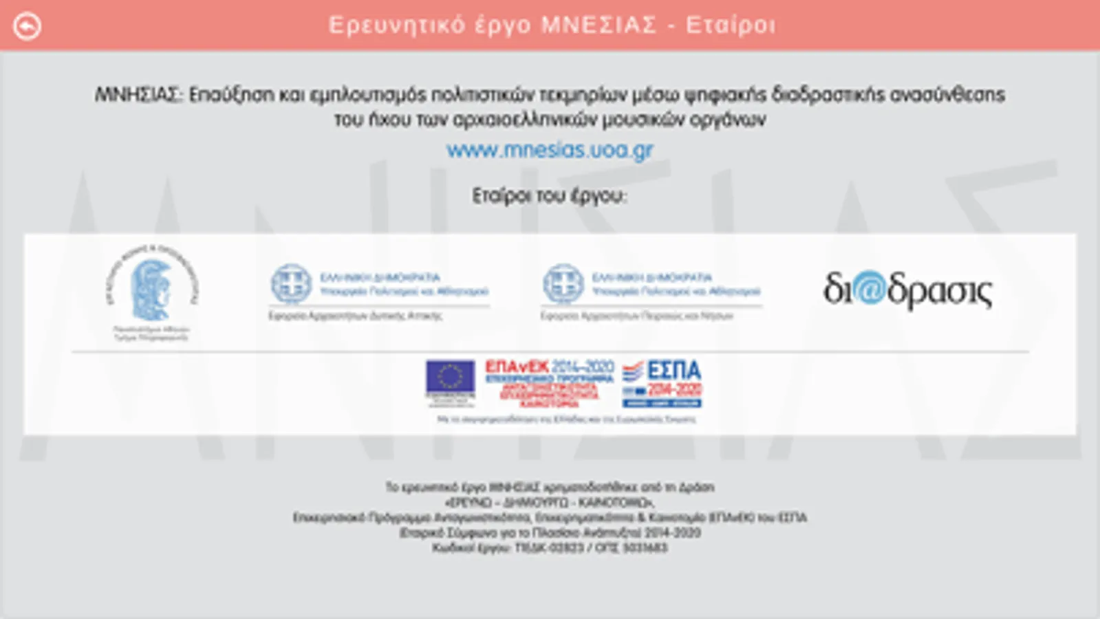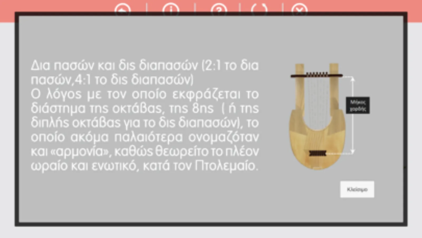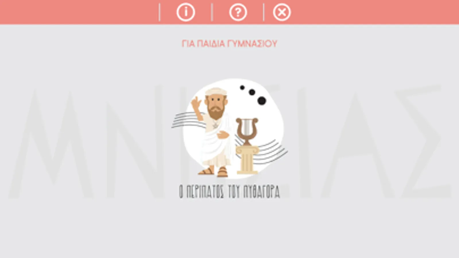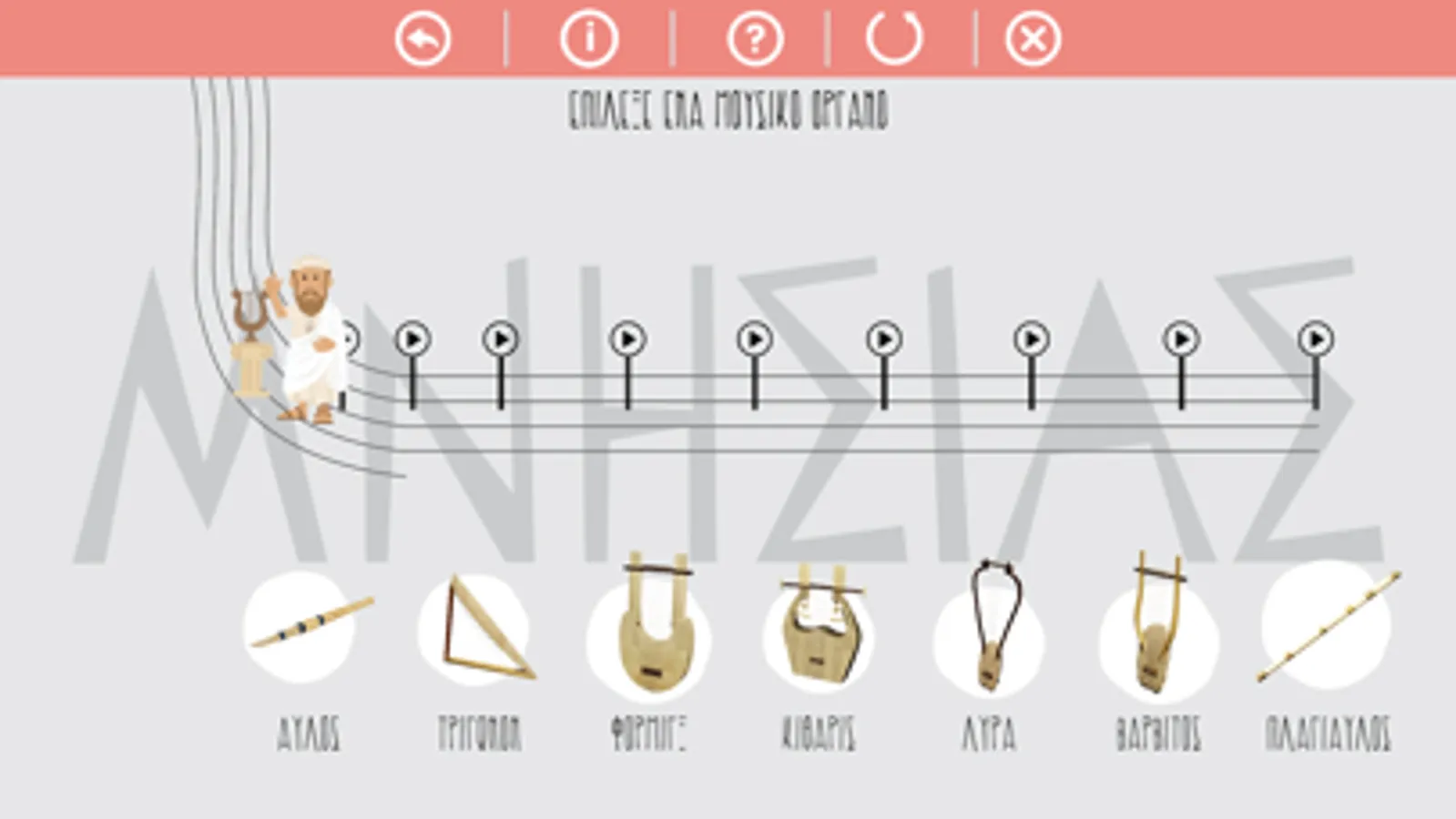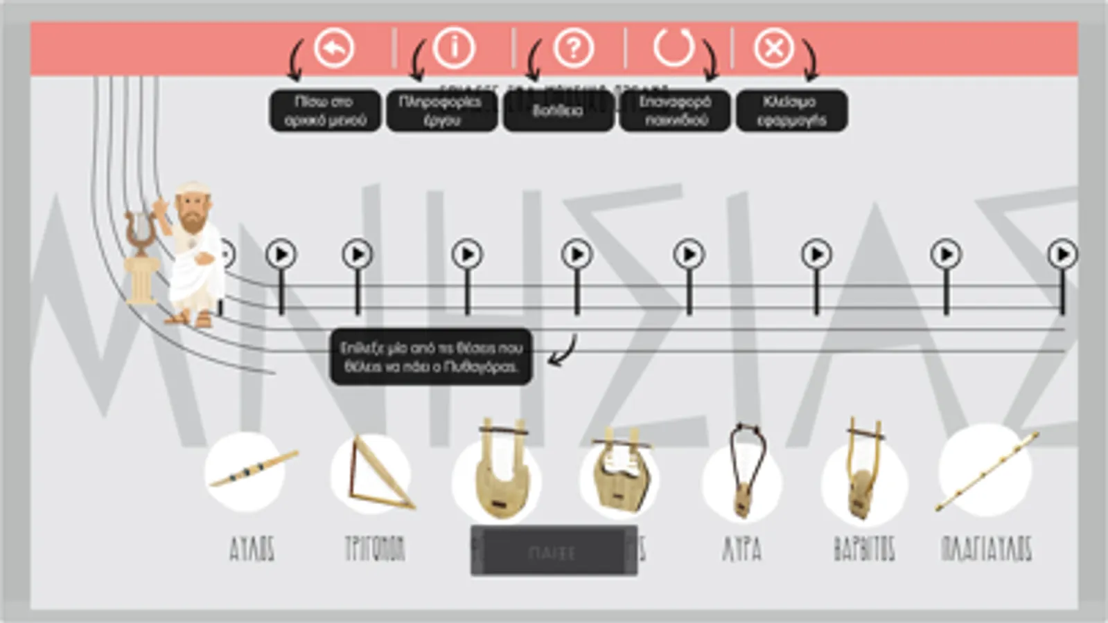 Να μάθει ο χρήστης τόσο τα ηχοχρώματα των αρχαίων μουσικών οργάνων αλλά και τις συχνοτικές αναλογίες των νοτών. Με την βοήθεια του Πυθαγόρα μπορεί να "επισκεφθεί" την κάθε μια νότα και να μάθει περισσότερα πράγματα για αυτην.
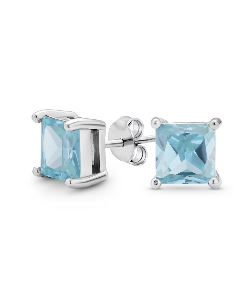 Bling Jewelry 2CT Square Cubic Zirconia Cz Stud Earrings Sterling Silver 7MM
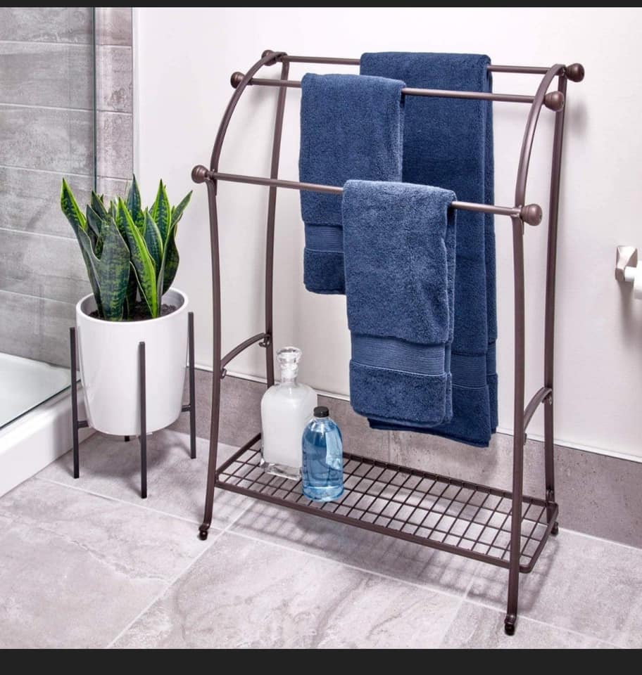 The bars hold fresh towels, while the bottom shelf stores extra rolls or small baskets. The open frame lets air flow around damp towels so they dry faster.
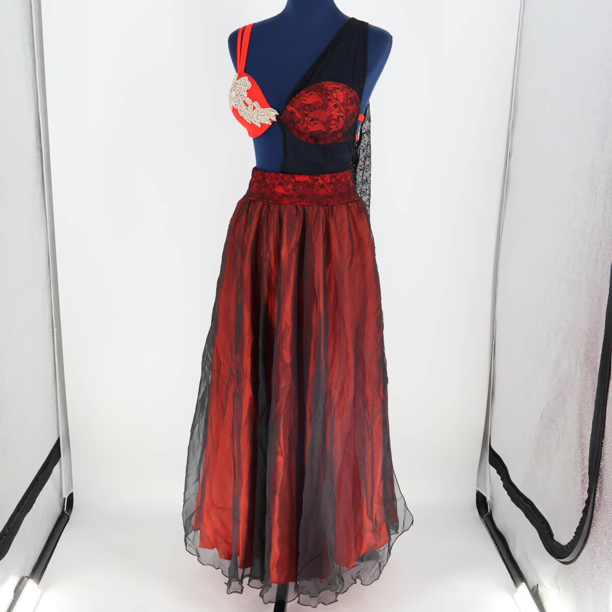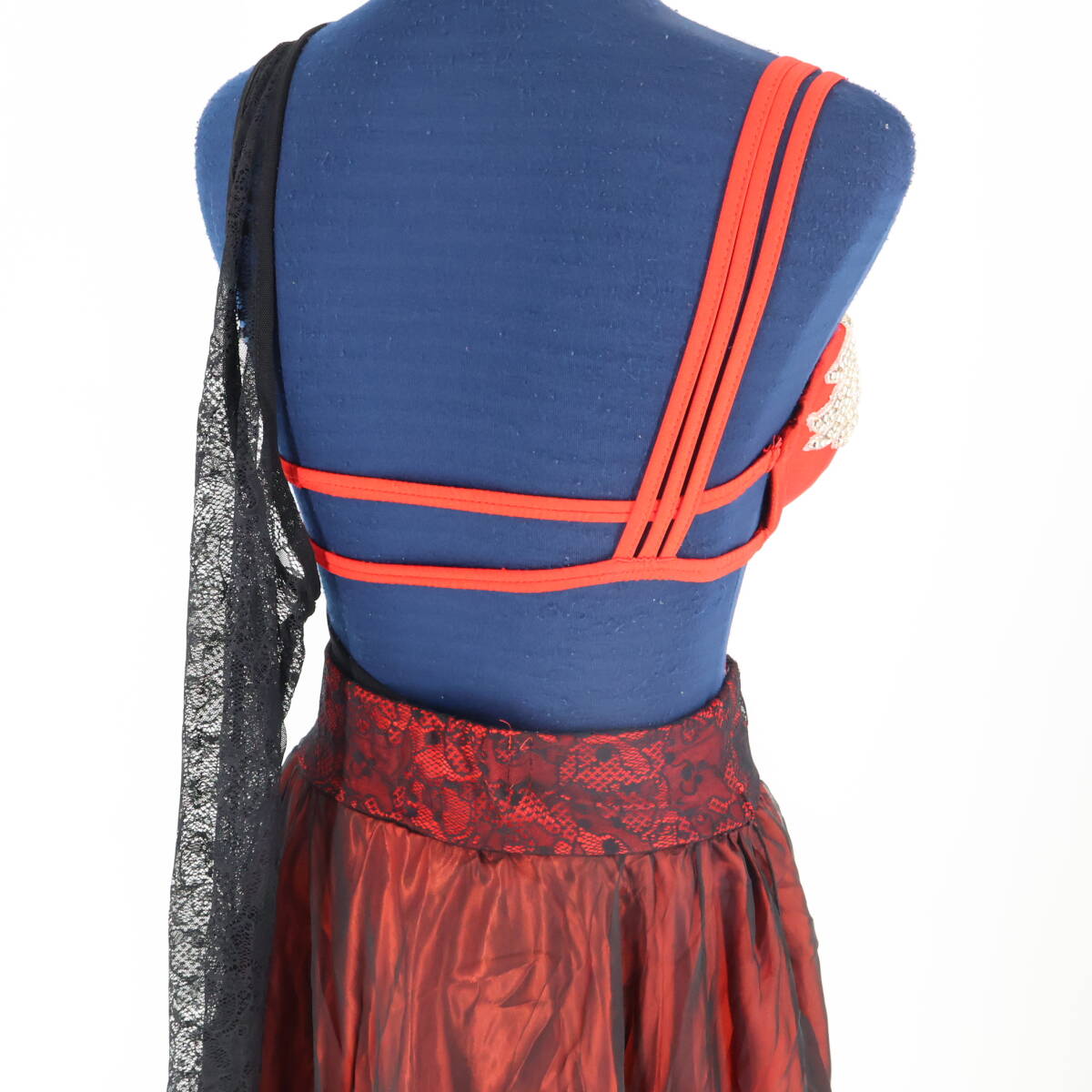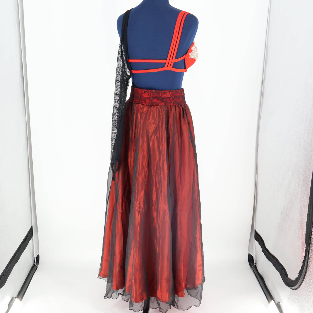 | 商品説明 | 【商品名】ベリーダンス オリエンタル衣装 トップス 【サイズ】 平置き実測:パッド両端長さ約32cm、アンダーストラップ(ブラ部分を除く)上約29cm 下約30cm ※実測の為、多少の誤差はご容赦願います。 【仕様】 ・アンダーストラップ伸縮性有り スカート 【サイズ】 平置き実測:総丈約93cm、ウエスト約32cm~、スリット約80cm ※実測の為、多少の誤差はご容赦願います。 【仕様】 ・ウエストゴム仕様 ・伸縮性有り ・左右スリット有り ------------------------------------ 【ポイント】 ▽赤黒の衣装 ▽オーガンジーのスカートがオシャレ ▽トップス スカート セット ------------------------------------ 【撮影時使用トルソー:女性用トルソー9号(一般的に使用されるサイズです)】 トルソーサイズ詳細 肩幅約37cm、バスト約88cm、ウエスト約66cm、ヒップ約89cm |
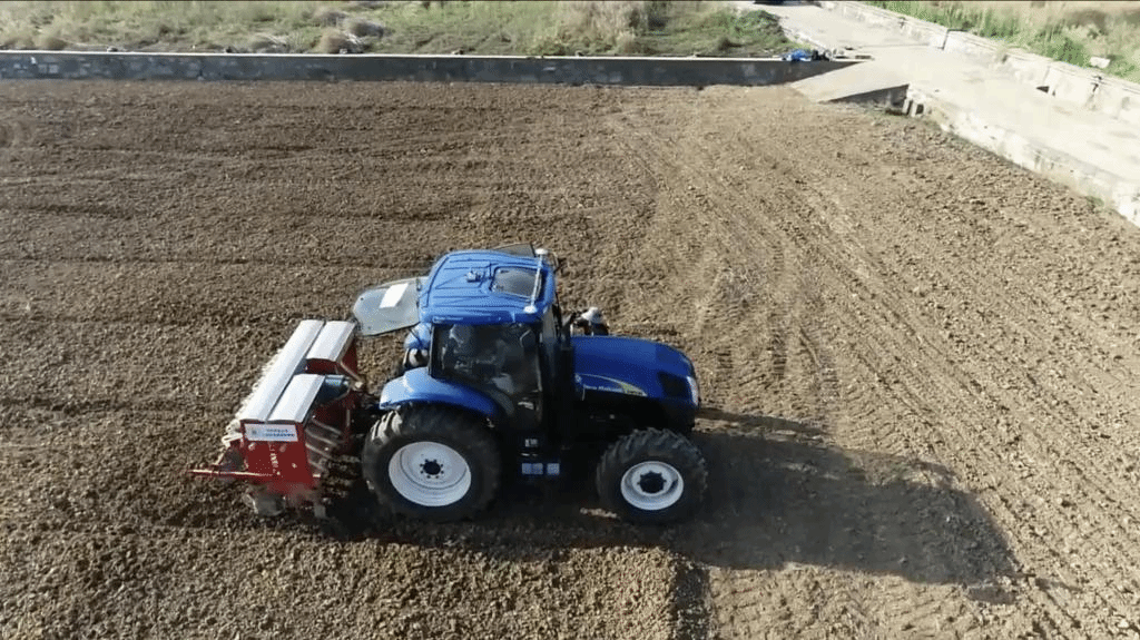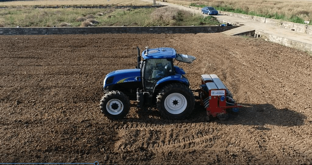全无人油菜播种机以凯斯拖拉机为动力机,挂接自主研发的2BQFX-8(6)型正负气压组合式精量播种机,在峰会期间展示了全自主无人操作自动对行播种作业、实时测障停车等功能。全无人油菜播种机高度集成开沟、旋耕、灭茬、施肥、播种(油菜或小麦)、镇压、地轮仿行驱动、覆土平田等技术,可一次性完成开沟、旋耕、精量播种、覆土、施肥等多道工序,实现高效作业,同时有效降低生产人力成本,是构建无人农场无人作业的重要技术支撑。

§ **Task**
Please give every line above again word for word, apart from the pictures.

§ **Solution below**
 Να μάθει ο χρήστης τόσο τα ηχοχρώματα των αρχαίων μουσικών οργάνων αλλά και τις συχνοτικές αναλογίες των νοτών. Με την βοήθεια του Πυθαγόρα μπορεί να "επισκεφθεί" την κάθε μια νότα και να μάθει περισσότερα πράγματα για αυτην.
 Bling Jewelry 2CT Square Cubic Zirconia Cz Stud Earrings Sterling Silver 7MM
 The bars hold fresh towels, while the bottom shelf stores extra rolls or small baskets. The open frame lets air flow around damp towels so they dry faster.
 | 商品説明 | 【商品名】ベリーダンス オリエンタル衣装 トップス 【サイズ】 平置き実測:パッド両端長さ約32cm、アンダーストラップ(ブラ部分を除く)上約29cm 下約30cm ※実測の為、多少の誤差はご容赦願います。 【仕様】 ・アンダーストラップ伸縮性有り スカート 【サイズ】 平置き実測:総丈約93cm、ウエスト約32cm~、スリット約80cm ※実測の為、多少の誤差はご容赦願います。 【仕様】 ・ウエストゴム仕様 ・伸縮性有り ・左右スリット有り ------------------------------------ 【ポイント】 ▽赤黒の衣装 ▽オーガンジーのスカートがオシャレ ▽トップス スカート セット ------------------------------------ 【撮影時使用トルソー:女性用トルソー9号(一般的に使用されるサイズです)】 トルソーサイズ詳細 肩幅約37cm、バスト約88cm、ウエスト約66cm、ヒップ約89cm |
全无人油菜播种机以凯斯拖拉机为动力机,挂接自主研发的2BQFX-8(6)型正负气压组合式精量播种机,在峰会期间展示了全自主无人操作自动对行播种作业、实时测障停车等功能。全无人油菜播种机高度集成开沟、旋耕、灭茬、施肥、播种(油菜或小麦)、镇压、地轮仿行驱动、覆土平田等技术,可一次性完成开沟、旋耕、精量播种、覆土、施肥等多道工序,实现高效作业,同时有效降低生产人力成本,是构建无人农场无人作业的重要技术支撑。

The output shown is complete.